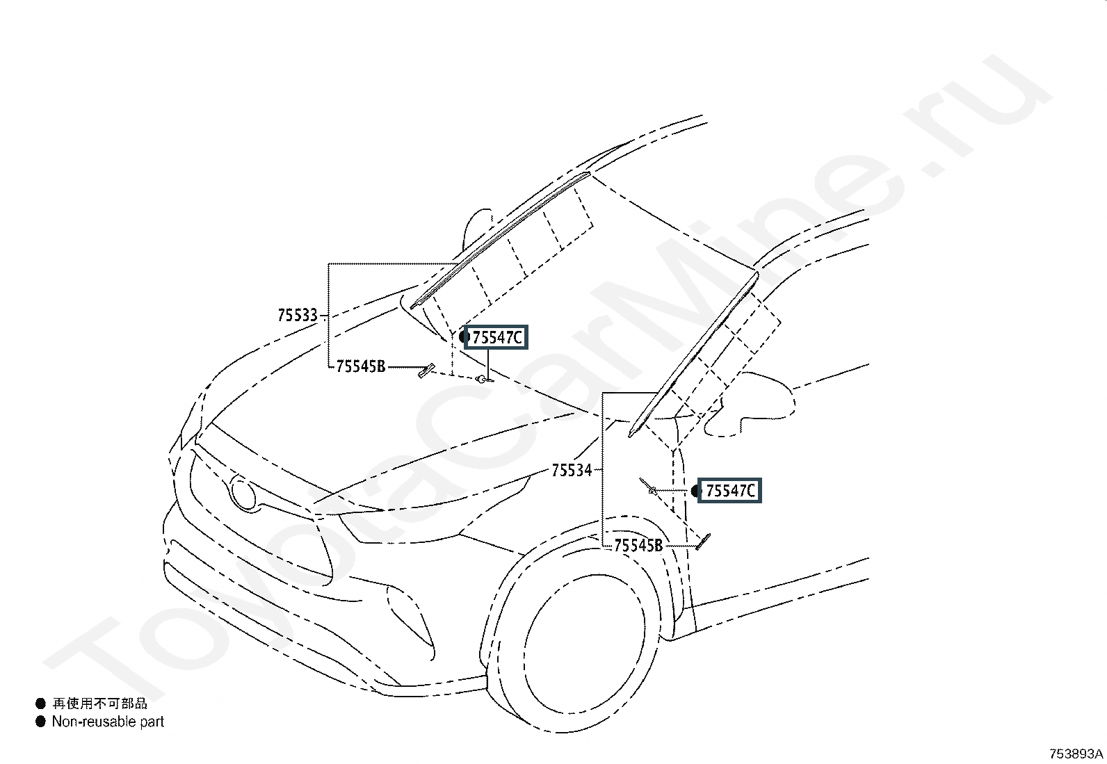 75547-0E010, CLIP, WINDSHIELD OUTSIDE MOULDING, NO.3
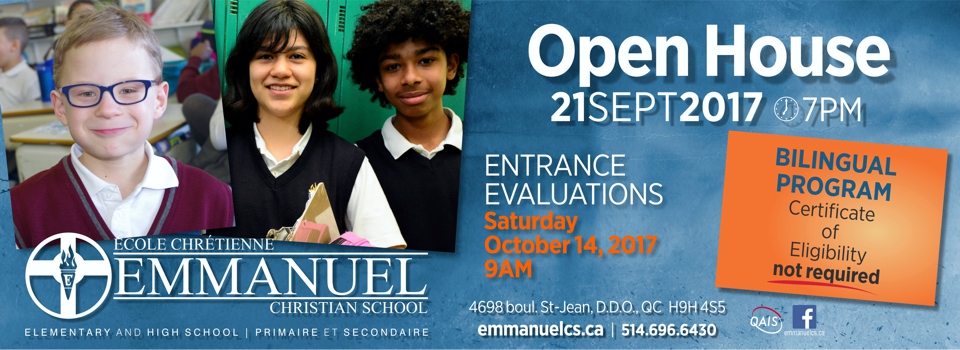 Come visit us at our annual Open House on Thursday, September 21st at 7pm. Emmanuel offers a bilingual program from Kindergarten to Secondary 5. Following a general presentation, our High school guides will be happy to introduce you to our programs. Ask us about arts, music, missions, sports, robotics and more! NEW: Certificates of Eligibility to English Education are not required.
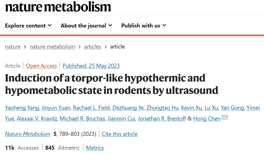 [1]Yang, Y., Yuan, J., Field, R.L. et al. Induction of a torpor-like hypothermic and hypometabolic state in rodents by ultrasound. Nat Metab 5, 789–803 (2023). https://doi.org/10.1038/s42255-023-00804-z
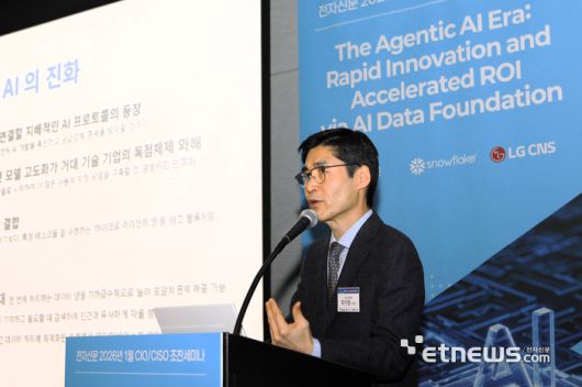 최기영 스노우플레이크 한국지사장은 15일 서울 강남구 그랜드 인터컨티넨탈 서울 파르나스에서 열린 전자신문 주최 'CIO·CISO 세미나'에서 '2026년 AI 데이터 전망'을 주제로 발표하며 이같이 강조했다.
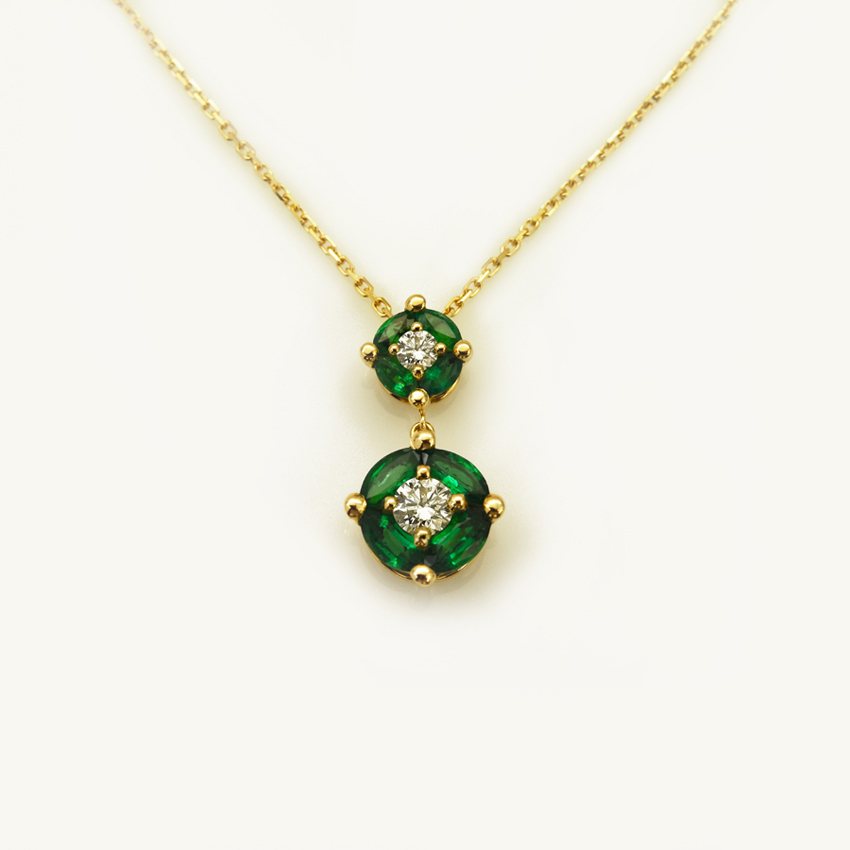 or jaune 18 carats – environ 7,30g – diamants (0,11 carat et 0,29 carat) – émeraude (0,40 carat et 1,02 carat) – brillants (0,02 carat)
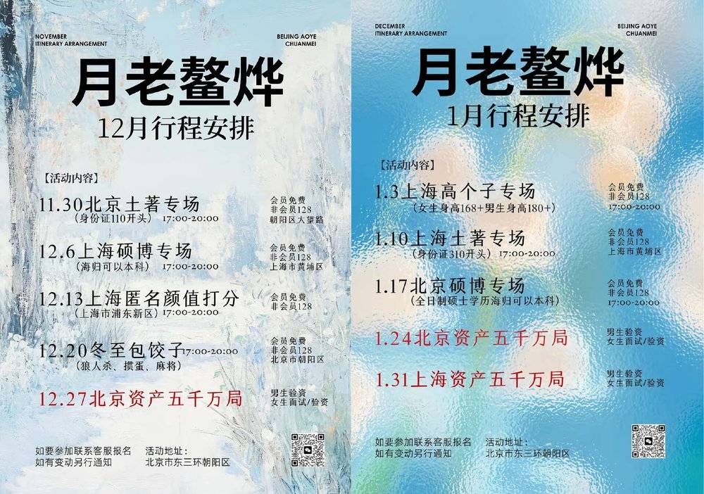 无论是@鳌烨还是@天书定位,这几位头部相亲博主,都在线下举行“资产五千万局”“高学历相亲局”“高个子相亲局”,入场券均价在128元左右。
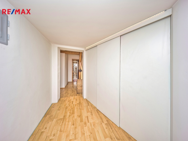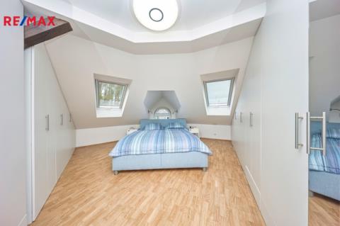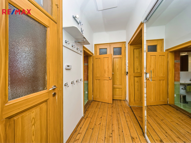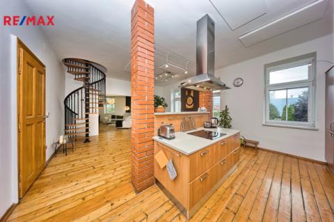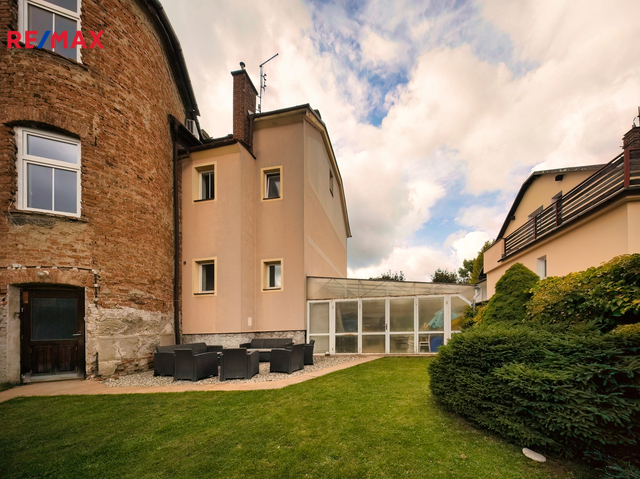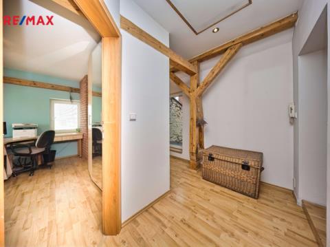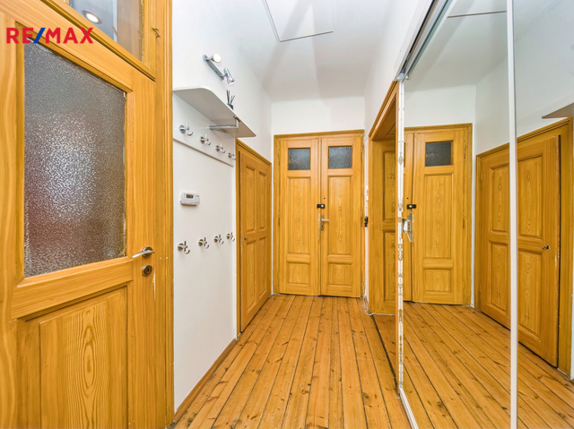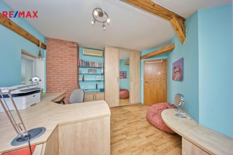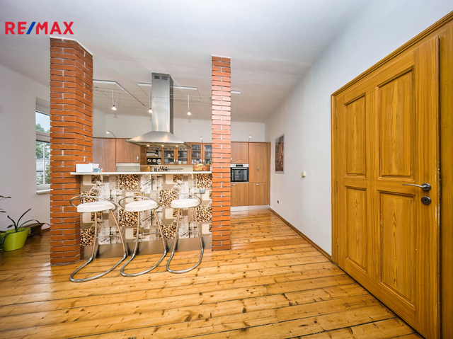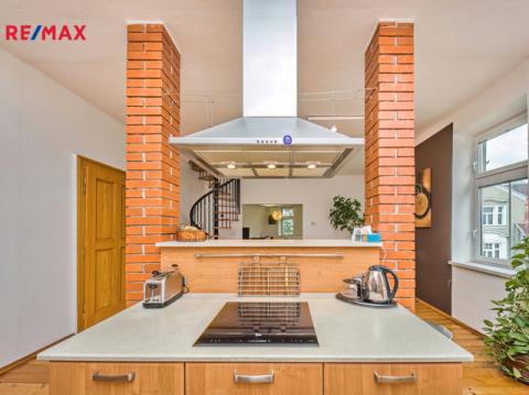 Nabízíme k prodeji mezonetový byt 5+1 s krytým parkovacím stáním, zahradou ve společném užívání (s vyhrazeným soukromým prostorem), terasou a sklepem v osobním vlastnictví o celkové evidované podlahové ploše 189 m². Byt se nachází ve 2. a 3. nadzemním podlaží (z celkem 3 NP) cihlového domu z roku 1919 bez výtahu.
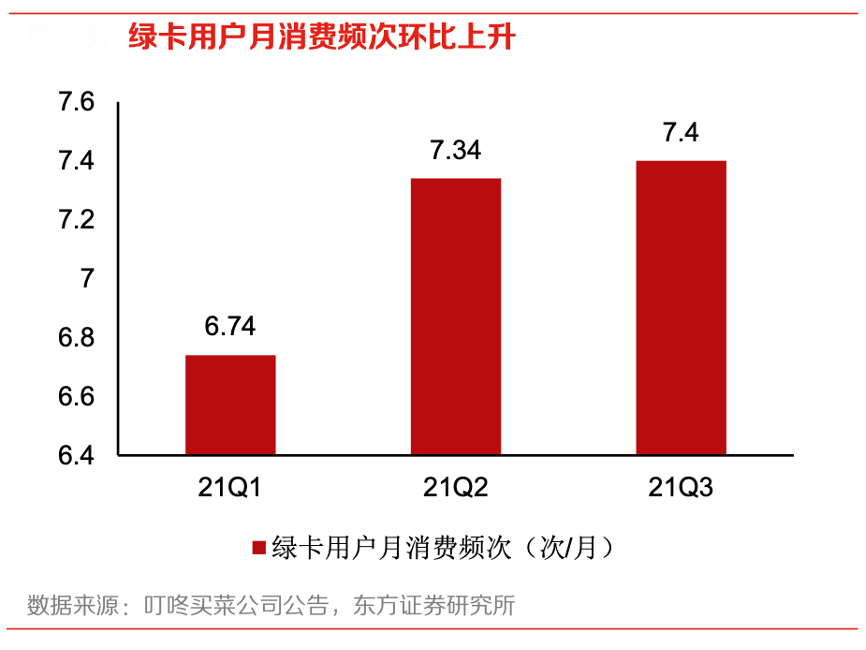 經(jīng)典案例:根據(jù)叮咚買菜公司公告、東方證券研究所等綜合資訊表明,從業(yè)務數(shù)據(jù)來看,其綠卡用戶的消費頻次21Q2 明顯上升,且高于用戶平均消費頻次。21Q2 叮咚買菜綠卡會員消費頻次達到 7.34 次/月,顯著高于用戶平均消費頻次,環(huán)比增加 0.6 次,有明顯提升。
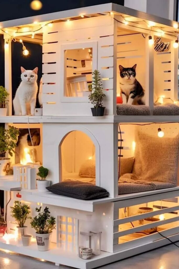Luxury doesn’t have to mean complicated. Stacked wooden crates create separate rooms cats naturally claim as their own.
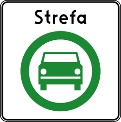 Znak ten oznacza wjazd do strefy czystego transportu, po której mogą poruszać się wyłącznie pojazdy spełniające określone wymogi dotyczące norm emisji spalin |

== What you are asked to do ==
Write out the lines above from the one with "최기영 스노우플레이크 한국지사장은" through the one with "Luxury doesn’t have", ends included, exactly; no picture goes in.

== Exercise answer ==
 최기영 스노우플레이크 한국지사장은 15일 서울 강남구 그랜드 인터컨티넨탈 서울 파르나스에서 열린 전자신문 주최 'CIO·CISO 세미나'에서 '2026년 AI 데이터 전망'을 주제로 발표하며 이같이 강조했다.
 or jaune 18 carats – environ 7,30g – diamants (0,11 carat et 0,29 carat) – émeraude (0,40 carat et 1,02 carat) – brillants (0,02 carat)
 无论是@鳌烨还是@天书定位,这几位头部相亲博主,都在线下举行“资产五千万局”“高学历相亲局”“高个子相亲局”,入场券均价在128元左右。
 Nabízíme k prodeji mezonetový byt 5+1 s krytým parkovacím stáním, zahradou ve společném užívání (s vyhrazeným soukromým prostorem), terasou a sklepem v osobním vlastnictví o celkové evidované podlahové ploše 189 m². Byt se nachází ve 2. a 3. nadzemním podlaží (z celkem 3 NP) cihlového domu z roku 1919 bez výtahu.
 經(jīng)典案例:根據(jù)叮咚買菜公司公告、東方證券研究所等綜合資訊表明,從業(yè)務數(shù)據(jù)來看,其綠卡用戶的消費頻次21Q2 明顯上升,且高于用戶平均消費頻次。21Q2 叮咚買菜綠卡會員消費頻次達到 7.34 次/月,顯著高于用戶平均消費頻次,環(huán)比增加 0.6 次,有明顯提升。
Luxury doesn’t have to mean complicated. Stacked wooden crates create separate rooms cats naturally claim as their own.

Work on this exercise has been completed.